Extracted data =

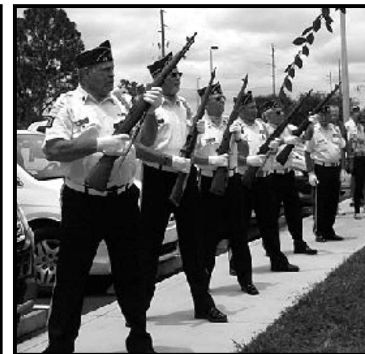
Post 318 Memorial Day 2018
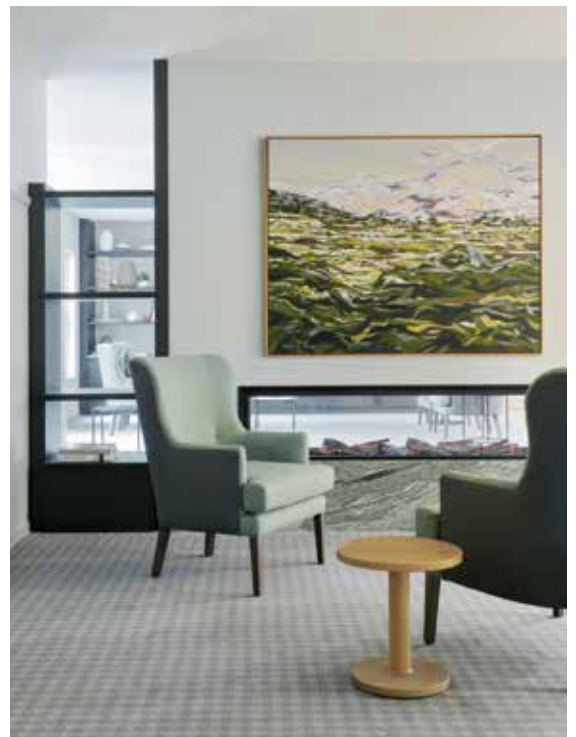
Eva Tilley Memorial Home

The schedule should provide for recording of actual work, done and by whom it is performed, and shall be maintained for reference should any cleaning problems arise. The schedule should be amended as necessary when there is a significant change in the pattern of use of any area.
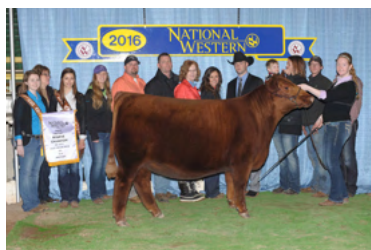
SLGN STONY'S BECCA 4215 2016 NWSS RESERVE GRAND CHAMPION RED ANGUS HEIFER DAM OF LOT 6
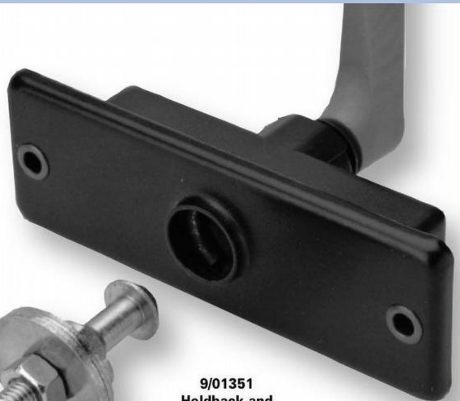
9/01351 Holdback and Striker pin

What needs to be done = Give the records again exactly, without pictures.

Task response =
Post 318 Memorial Day 2018
Eva Tilley Memorial Home

The schedule should provide for recording of actual work, done and by whom it is performed, and shall be maintained for reference should any cleaning problems arise. The schedule should be amended as necessary when there is a significant change in the pattern of use of any area.
SLGN STONY'S BECCA 4215 2016 NWSS RESERVE GRAND CHAMPION RED ANGUS HEIFER DAM OF LOT 6
9/01351 Holdback and Striker pin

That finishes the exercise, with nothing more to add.